Mass communication has developed greatly in the later part of the 20th century, so that most people obtain more information from electronic than from print media. Moreover, the Internet has resulted in point to point communication being as cheap as mass media communication. The World Wide Web is a far more efficient way for UNESCO to interact with the global community that are paper books and periodicals. Indeed, with the development of community radio and satellite communications, it is possible to reach many of even the most isolated communities with up-to-the-minute information.

While it is far more feasible for people to travel to and from Paris than in the past, video conferencing is an increasingly useful approach to face-to-face communications among people who live in widely separated places; video and audio streaming via the Internet can make the proceedings of such conferences cheaply available to a global audience, with each member tuning in from his or her home or office at a time he or she finds most convenient. Thus Internet mediated dialog is likely to increasingly substitute and complement in-person meetings.

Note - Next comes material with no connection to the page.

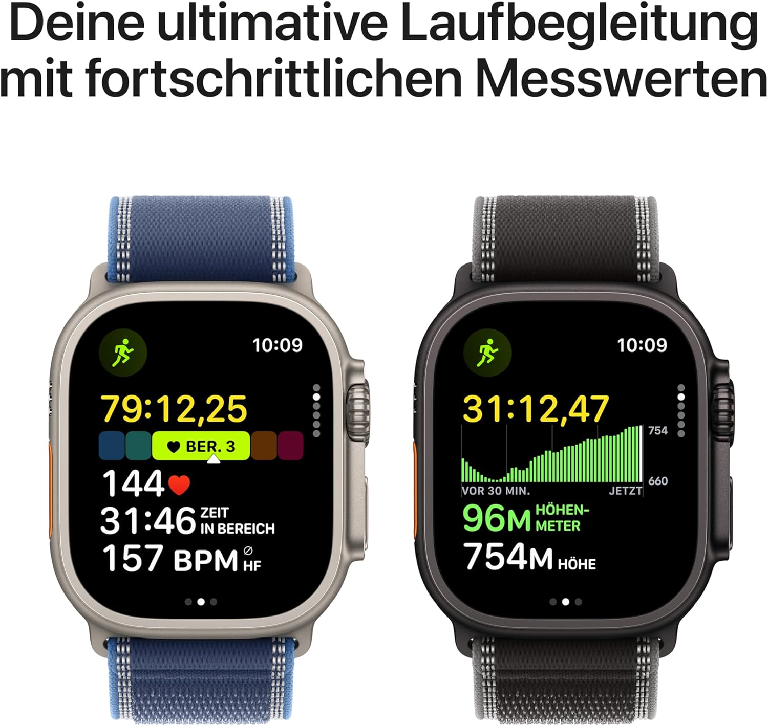 Apple Watch Ultra 3 GPS + Cellular 49 мм първокласен смарт часовник за бягане, тренировки и комбинирани спортове със здрав титаниев корпус в черно и каишка за бягане в черно/въглено сиво (S/M)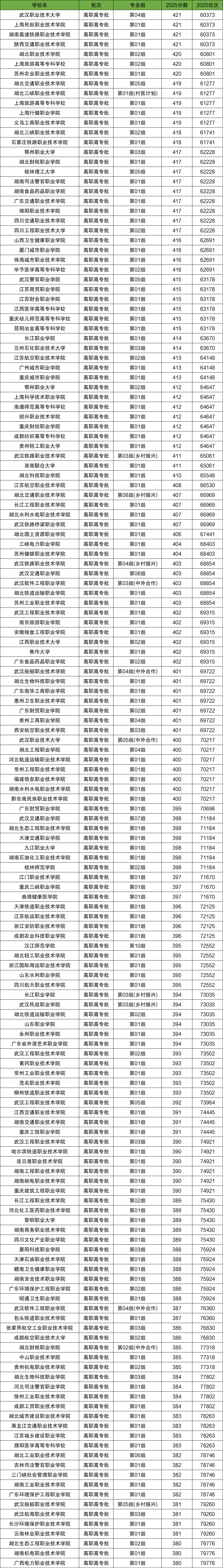 2025年全國大學(xué)在湖北省高考錄取位次在6萬名~8萬名之間的學(xué)校有138所,對應(yīng)的分?jǐn)?shù)為421分~380分,對應(yīng)湖北全省高考排名區(qū)間為60373-79776。

Wikipedia and the Encyclopedia of Life illustrate that new Internet based technologies can substitute for earlier management-intensive approaches to the development of bodies of reliable information, and moreover can result in those bodies of information being more current than would be possible with traditional approaches.

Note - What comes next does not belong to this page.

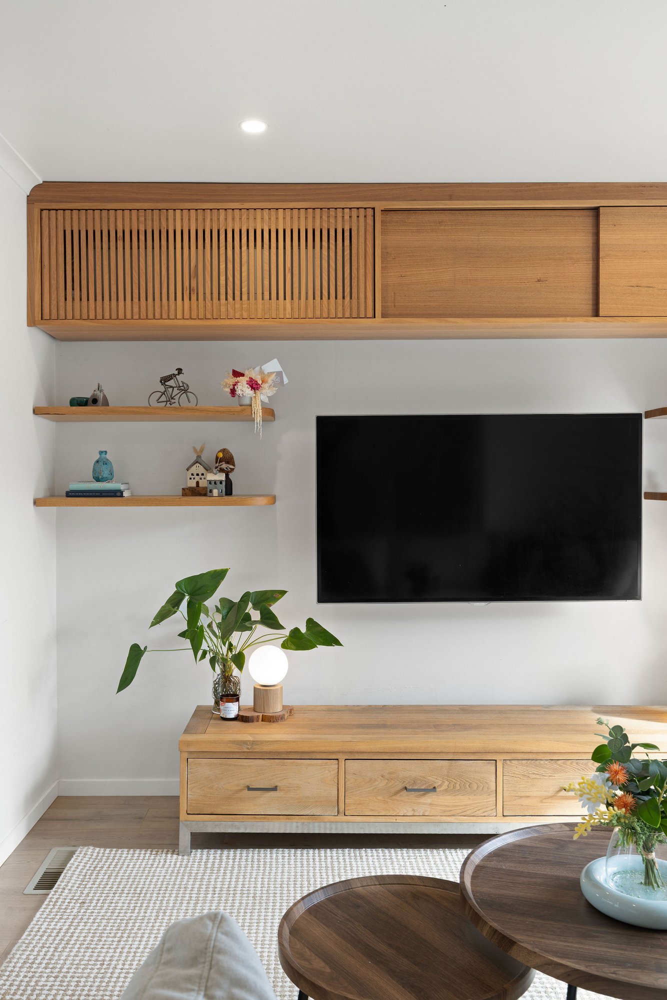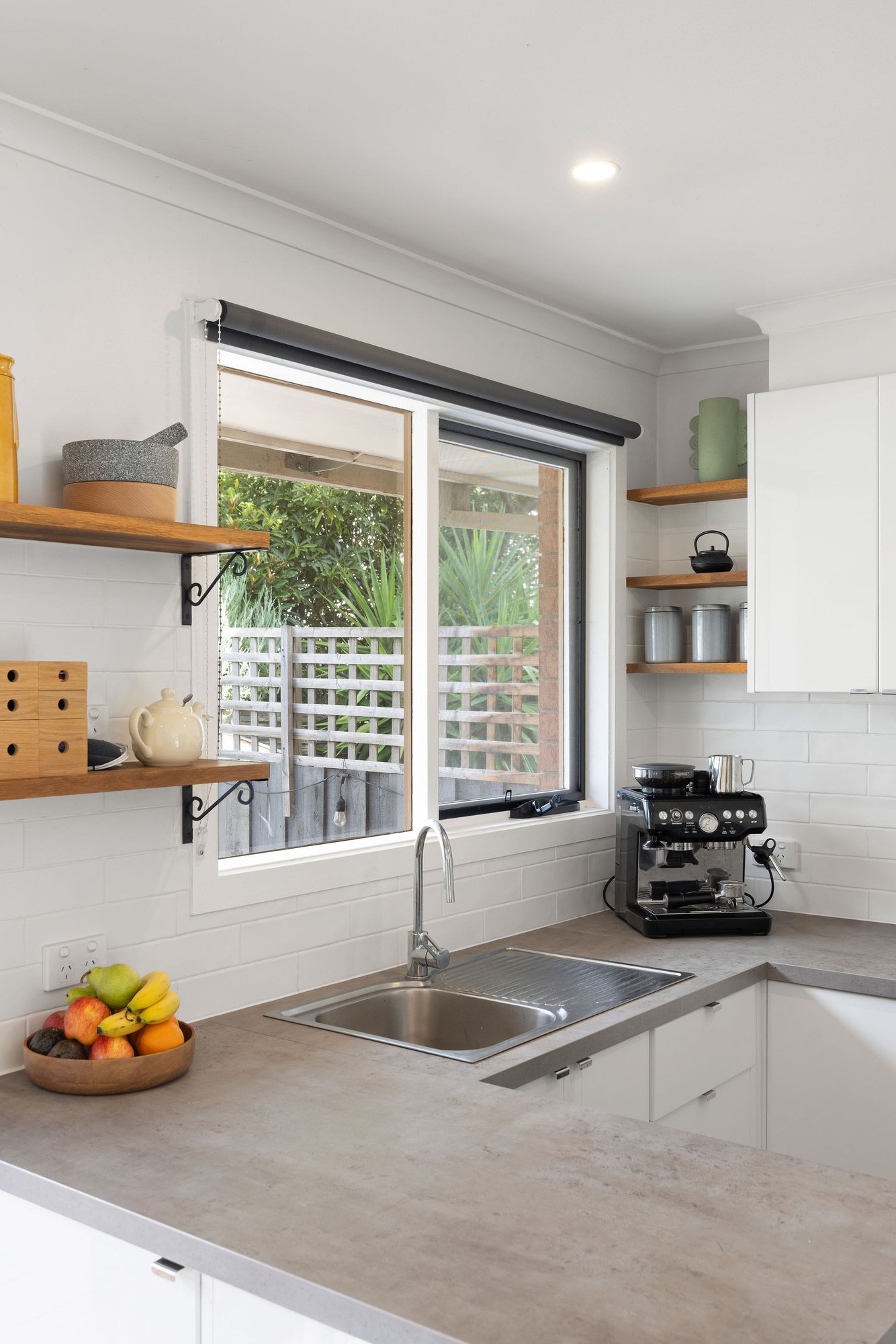 Stepping outside, a generous wraparound courtyard provides exceptional space, further enhanced by a timber deck perfect for entertaining or relaxed enjoyment. Inside, the living area is fitted with floating shelves, adding both character and practical storage, while a separate shed offers additional flexibility.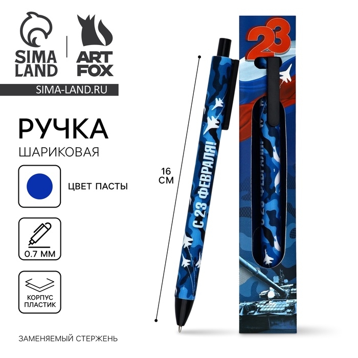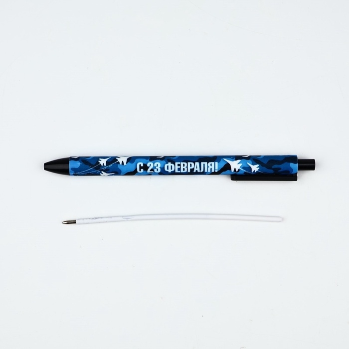 Ручка шариковая, синяя паста, 0.7 мм, автоматическая, в конверте «23 февраля»

Social networking, which probably began with the scientific community in the United States via email and inter-networking, and expanded to include online depositories of scientific papers, has exploded with the growth of Facebook, Linkedin, and other social networking platforms. Today the scientific community continues to gather at large scientific meetings and to disseminate information through peer-reviewed paper journals, but a far richer and more timely networking is taking place over the Internet.

Implications for UNESCO

Studies of governmental organizations that have successfully embarked on e-government efforts have suggested that the process goes through several stages, each of which subsumes and builds upon the previous stages:
  1. The establishment of a presence on the Internet.
  2. The provision of information via the Internet.
  3. The conduct of transactions via the Internet.
  4. The ultimate restructuring and reorganization of functions and processes to utilize the Internet.
UNESCO has already accomplished stages one and two, and is conducting some transactions via the Internet. It is now time for the organization to undertake the completion of the process of restructuring and reorganizing to fully utilize the potential provided in the new Global Information Infrastructure. It should revamp its publication policies, reinvent its websites, and build a global information network to be far more effective in the provision of information to the global community. It not only should be far more proactive in moving its transactions to the Global Information Infrastructure, but it should also find ways to dis-intermediate the international communications among the national intellectual communities that it serves.

Most importantly, it should begin to undertake the re-engineering of its structure and processes, and the restructuring of the institutions that form its interface with the governments of its member states, with civil society organizations, and with the global and national intellectual communities it was born to serve.

John Daly
The opinions expressed in this posting are those of the author alone, and do not necessarily reflect those of Americans for UNESCO or any other organization.